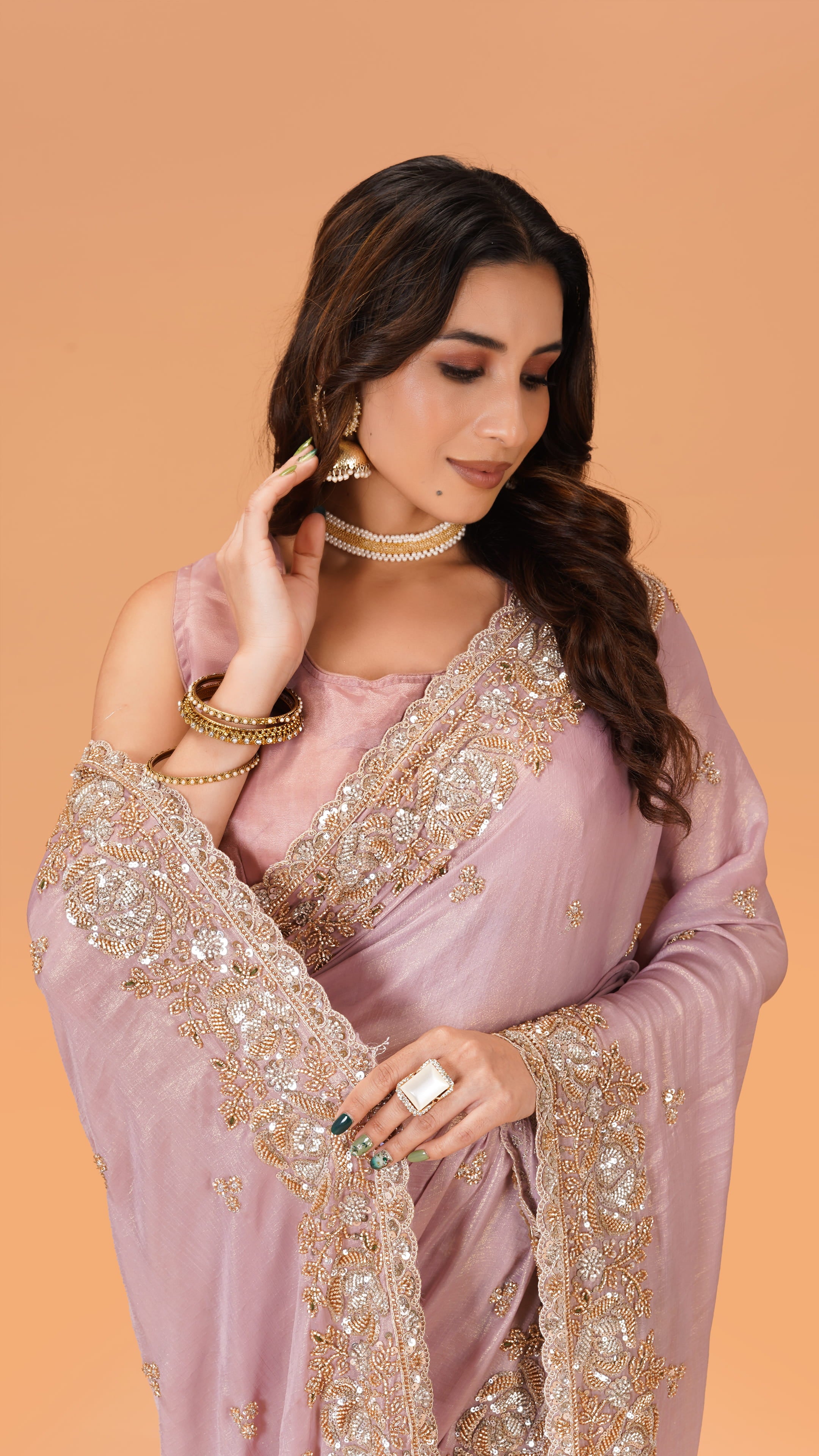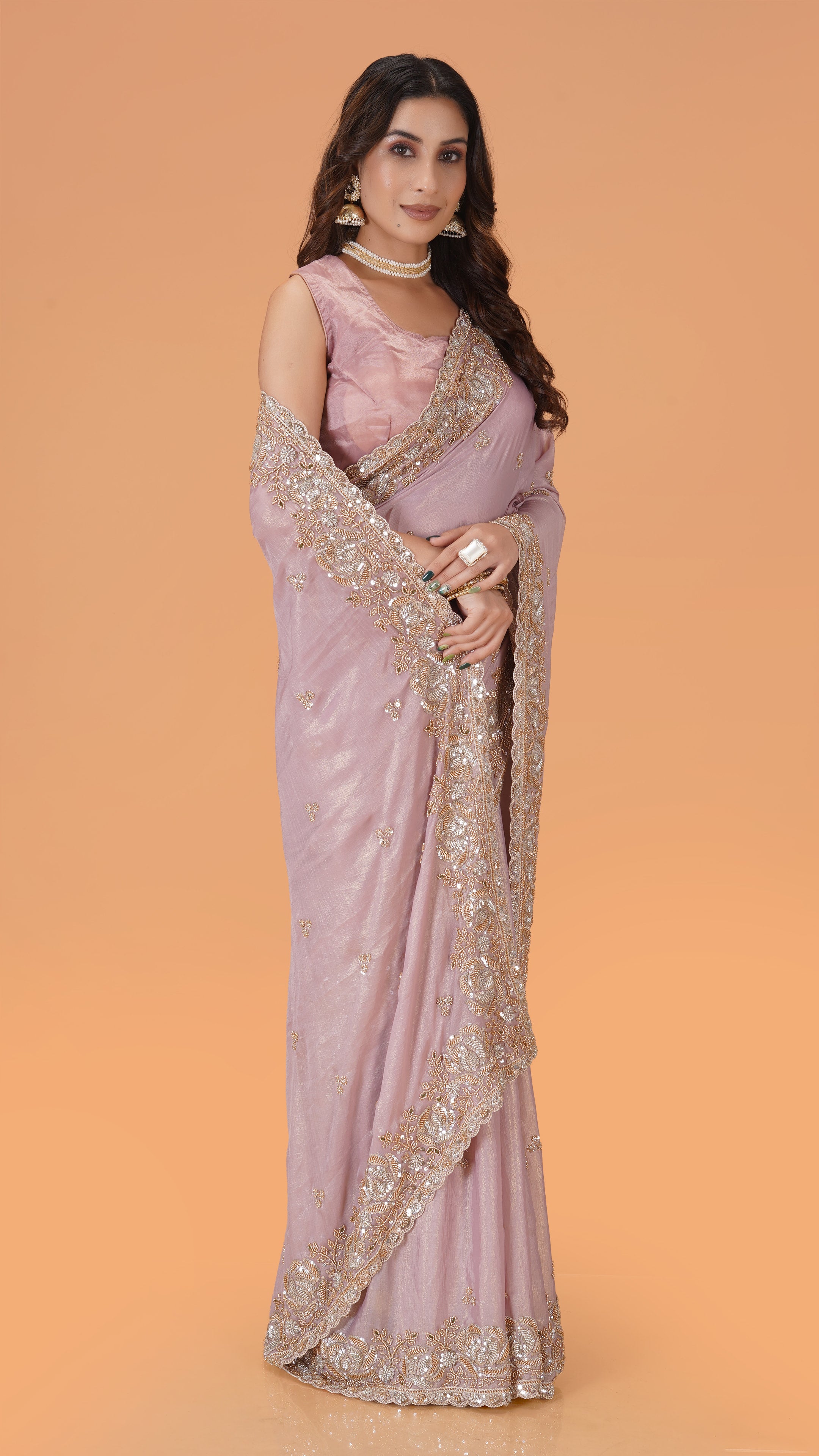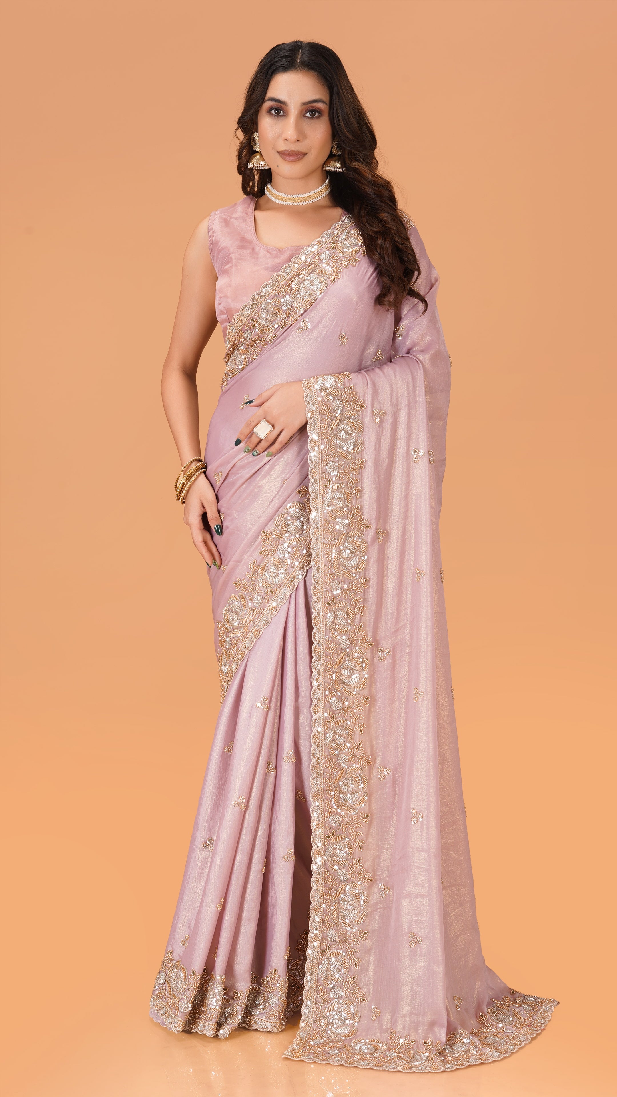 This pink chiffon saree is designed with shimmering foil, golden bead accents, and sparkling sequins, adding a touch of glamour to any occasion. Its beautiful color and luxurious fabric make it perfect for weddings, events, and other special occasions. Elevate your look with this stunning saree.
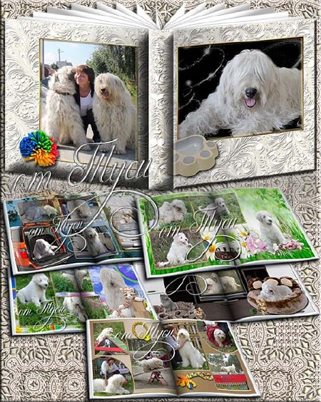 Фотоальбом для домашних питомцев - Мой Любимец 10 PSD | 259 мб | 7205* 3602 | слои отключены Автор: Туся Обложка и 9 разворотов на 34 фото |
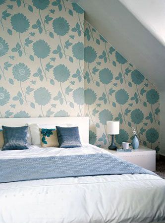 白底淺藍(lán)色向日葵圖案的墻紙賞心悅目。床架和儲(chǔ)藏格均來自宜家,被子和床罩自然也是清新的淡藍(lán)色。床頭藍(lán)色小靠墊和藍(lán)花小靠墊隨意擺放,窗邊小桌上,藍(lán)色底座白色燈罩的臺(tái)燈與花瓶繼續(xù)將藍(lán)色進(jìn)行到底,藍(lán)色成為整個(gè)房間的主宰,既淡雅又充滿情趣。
# # # # # # #
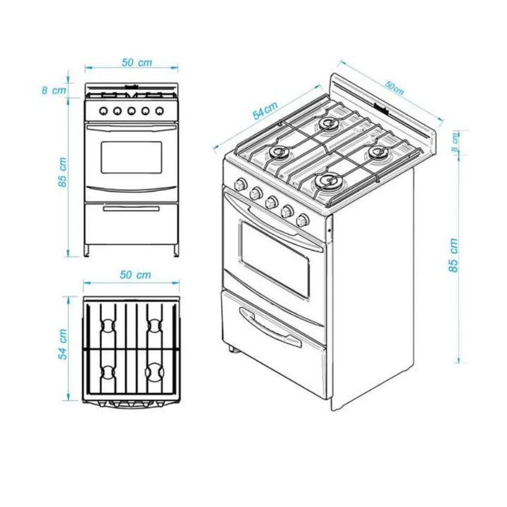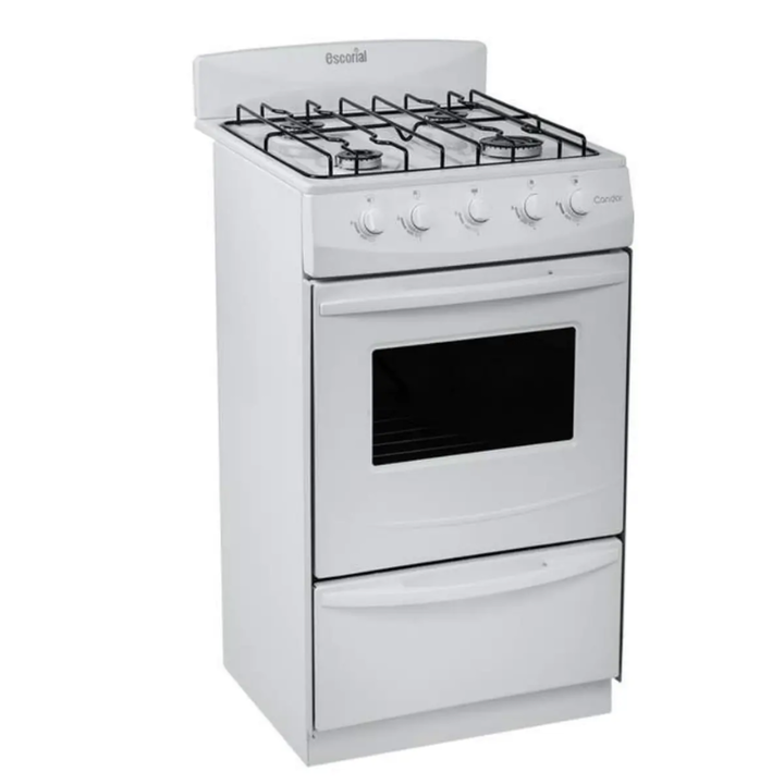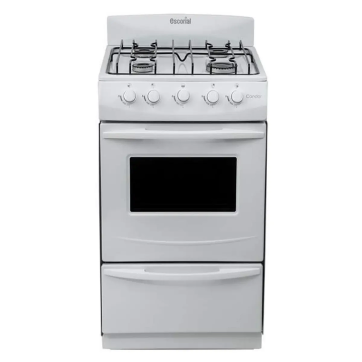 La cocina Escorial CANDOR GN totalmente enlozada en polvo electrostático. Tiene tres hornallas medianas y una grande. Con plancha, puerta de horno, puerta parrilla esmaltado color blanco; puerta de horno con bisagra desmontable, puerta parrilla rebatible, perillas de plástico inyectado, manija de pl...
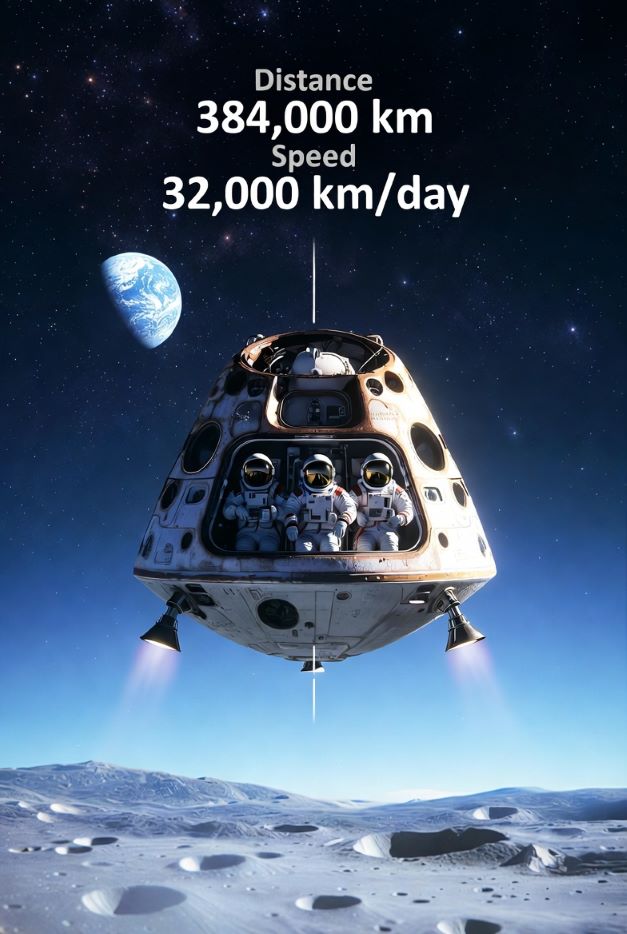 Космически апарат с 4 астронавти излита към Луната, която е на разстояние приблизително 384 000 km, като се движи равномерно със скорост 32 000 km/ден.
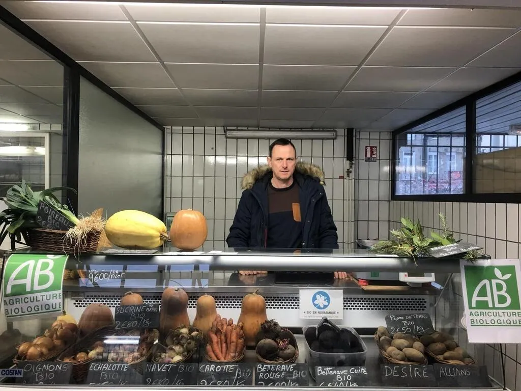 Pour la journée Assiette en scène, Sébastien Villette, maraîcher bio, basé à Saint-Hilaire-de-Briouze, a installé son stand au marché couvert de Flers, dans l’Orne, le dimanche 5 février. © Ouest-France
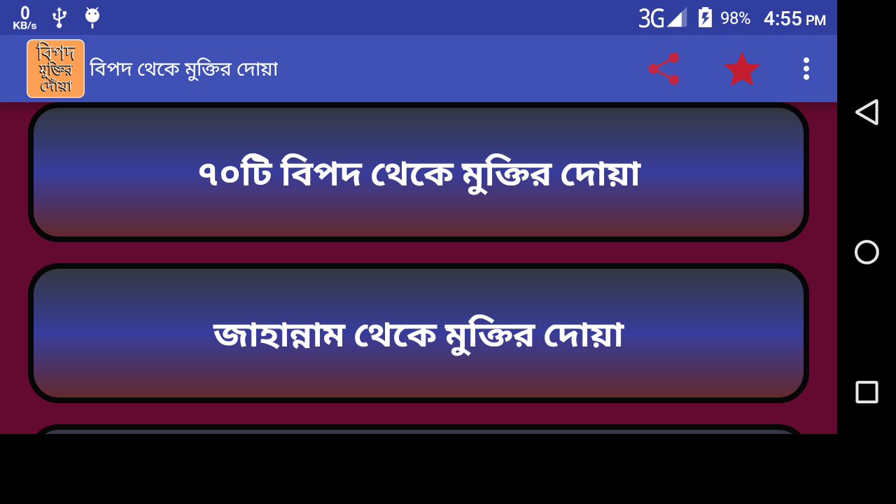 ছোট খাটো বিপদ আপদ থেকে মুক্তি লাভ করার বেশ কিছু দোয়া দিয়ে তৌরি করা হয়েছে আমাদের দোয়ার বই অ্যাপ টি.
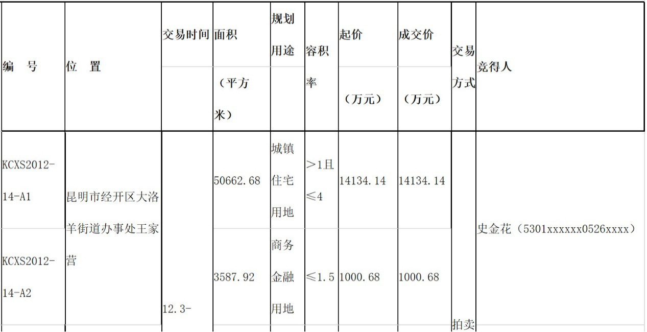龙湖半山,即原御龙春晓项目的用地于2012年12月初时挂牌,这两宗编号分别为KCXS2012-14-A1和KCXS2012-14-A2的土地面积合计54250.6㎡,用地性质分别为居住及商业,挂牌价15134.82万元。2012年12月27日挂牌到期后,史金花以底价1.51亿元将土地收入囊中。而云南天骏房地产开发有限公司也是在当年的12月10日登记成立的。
# # # # # # #
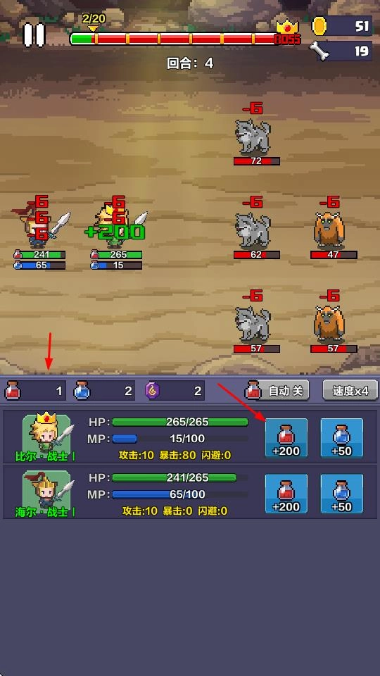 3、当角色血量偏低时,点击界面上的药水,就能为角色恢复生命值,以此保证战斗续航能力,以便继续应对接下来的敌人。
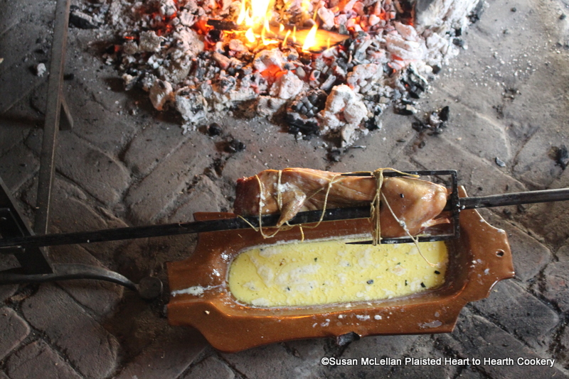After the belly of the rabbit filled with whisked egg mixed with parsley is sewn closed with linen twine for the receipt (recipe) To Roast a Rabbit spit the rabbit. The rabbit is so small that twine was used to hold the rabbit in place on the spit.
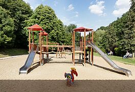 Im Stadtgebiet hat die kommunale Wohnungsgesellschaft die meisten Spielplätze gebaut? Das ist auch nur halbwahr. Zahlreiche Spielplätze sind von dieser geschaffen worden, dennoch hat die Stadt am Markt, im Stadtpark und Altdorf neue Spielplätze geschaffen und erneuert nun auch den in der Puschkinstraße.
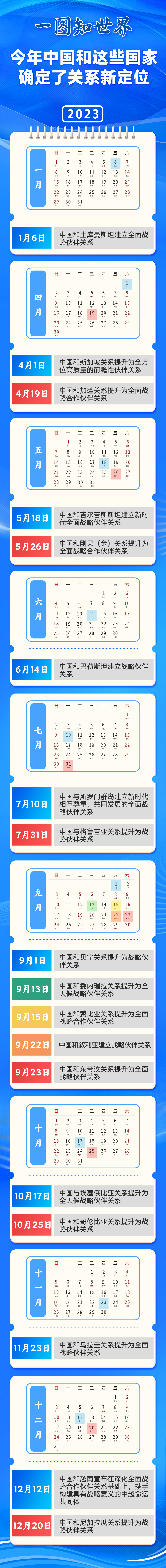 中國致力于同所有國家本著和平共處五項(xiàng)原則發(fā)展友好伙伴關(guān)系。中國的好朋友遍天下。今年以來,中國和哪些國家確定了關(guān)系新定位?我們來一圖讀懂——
# # # # # # #
▸ Action item: From the records above, extract the lines from the one holding "Pour la journée" through the one holding "ছোট খাটো বিপদ", word for word; omit the pictures.

▸ Reply to the task:
 Pour la journée Assiette en scène, Sébastien Villette, maraîcher bio, basé à Saint-Hilaire-de-Briouze, a installé son stand au marché couvert de Flers, dans l’Orne, le dimanche 5 février. © Ouest-France
 ছোট খাটো বিপদ আপদ থেকে মুক্তি লাভ করার বেশ কিছু দোয়া দিয়ে তৌরি করা হয়েছে আমাদের দোয়ার বই অ্যাপ টি.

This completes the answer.